The story is reported in a West Virginia court document.
The espionage story
The story concerns a US Navy employee who allegedly passed confidential data and communications to the government of an unspecified foreign nation with the assistance of his wife.
The story was discovered in December 2020, but dates back to April, when an FBI undercover agent contacted the government of the foreign country in question. That’s how he discovered a package from the United States with a request to establish a secret relationship to transmit classified documents to the intelligence of the remaining unnamed nation.
The undercover agent began a correspondence with the sender of the information, who was hiding under the pseudonym Alice. When asked for a meeting to exchange information, the person eventually arrested demanded $100,000 in Monero. The documents were allegedly provided via cloud storage.
The FBI in disguise actually paid a $10,000 tranche in Monero. This was followed by correspondence and moves to identify who “Alice” was.
In June, the mystery was unravelled: the man in question, who was trying to resell classified information, was a government-employed nuclear engineer with the United States Navy.
After the first delivery of information, in which the nuclear engineer’s wife had also participated, the FBI paid an additional $20,000 in Monero, to a different address.
The information contained on an encrypted SD card, which the FBI then decrypted, contained military material related in particular to submarine reactors.
Following further exchanges of material, the FBI paid another USD 70,000 in Monero to “Alice”.
In return, the FBI obtained material (which would have been destined for a foreign government) on Virginia-class submarines, i.e. nuclear missiles equipped with the most advanced technological systems.
Each one costs $3 billion.
These are the reasons why the nuclear engineer and his wife (always present at every delivery) were arrested.

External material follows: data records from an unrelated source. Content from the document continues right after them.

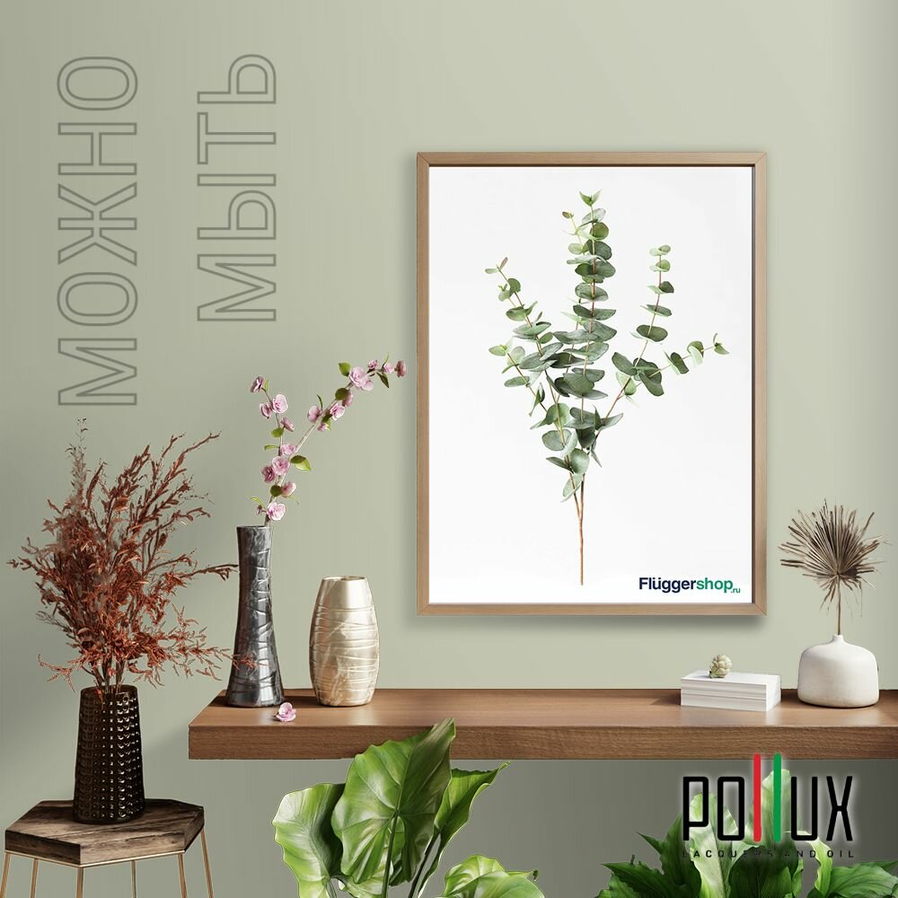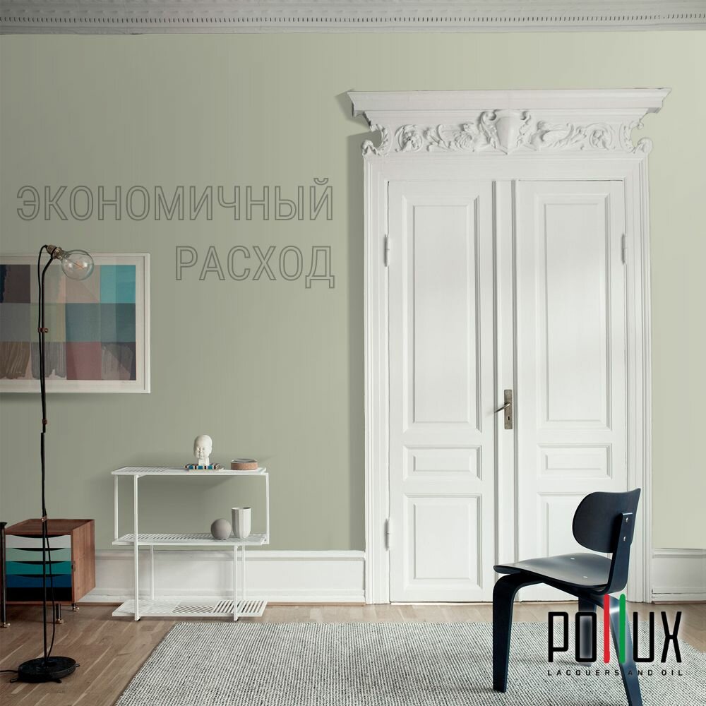 Краска моющаяся интерьерная для стен и потолков, Pollux INTERIOR без запаха, быстросохнущая, акриловая, матовое покрытие, цвет NCS S 7005-G50Y, 1л.
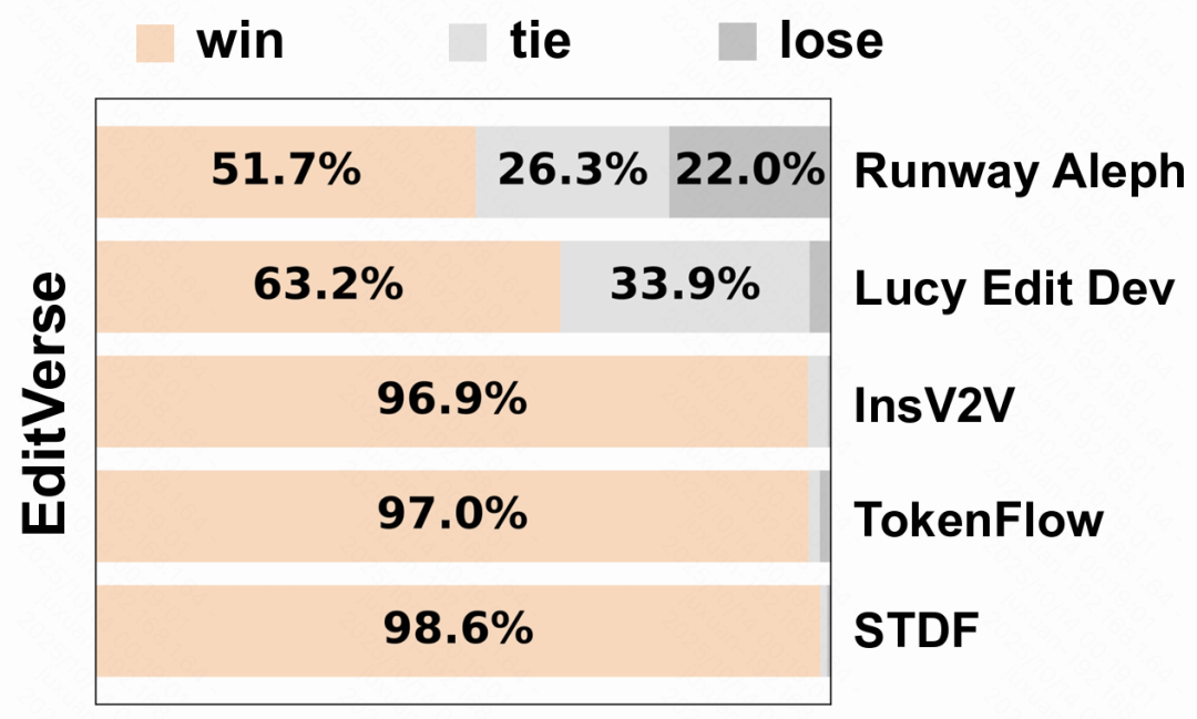 在编辑领域,用户的真实偏好最有说服力。在真人评测环节中,评测者在不知道模型来源的情况下,对不同模型生成的视频进行投票。
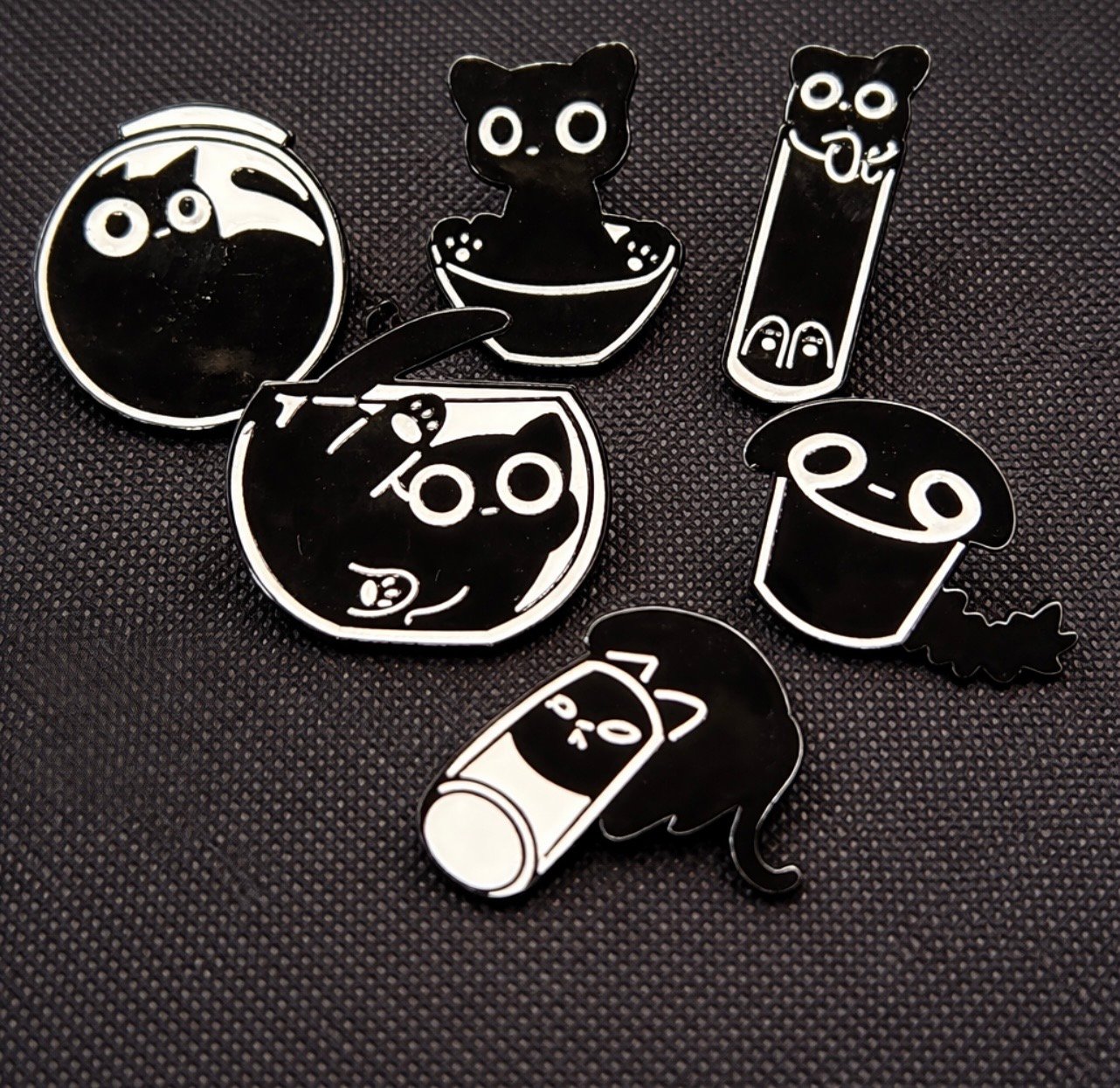 These adorable pins capture the curious and mischievous nature of cats as they peek out of cups, jars, and all sorts of unexpected places. Perfect for cat lovers who know that if there’s a container nearby, a kitty will find a way inside.

Why the nuclear engineer wanted Monero
In the crypto landscape, Bitcoin is not as anonymous as it is often portrayed. The story of the Twitter hack is illustrative in this respect. The three guys who organized the scam and obtained over $100,000 in Bitcoin were soon tracked down.
This is because all Bitcoin transactions are recorded on the blockchain and if those transactions go through centralized exchanges, game over.
Monero, on the other hand, has a technological structure that keeps the address and amount of the transaction hidden. For this reason, it has earned the label of privacy coin. It is no coincidence that it is particularly used on the dark web and by cybercrime.
What betrayed the nuclear engineer in this case was not the Monero payments, but the conversation intercepted by the FBI. The payment system would have guaranteed their anonymity. But evidently, everything else went wrong.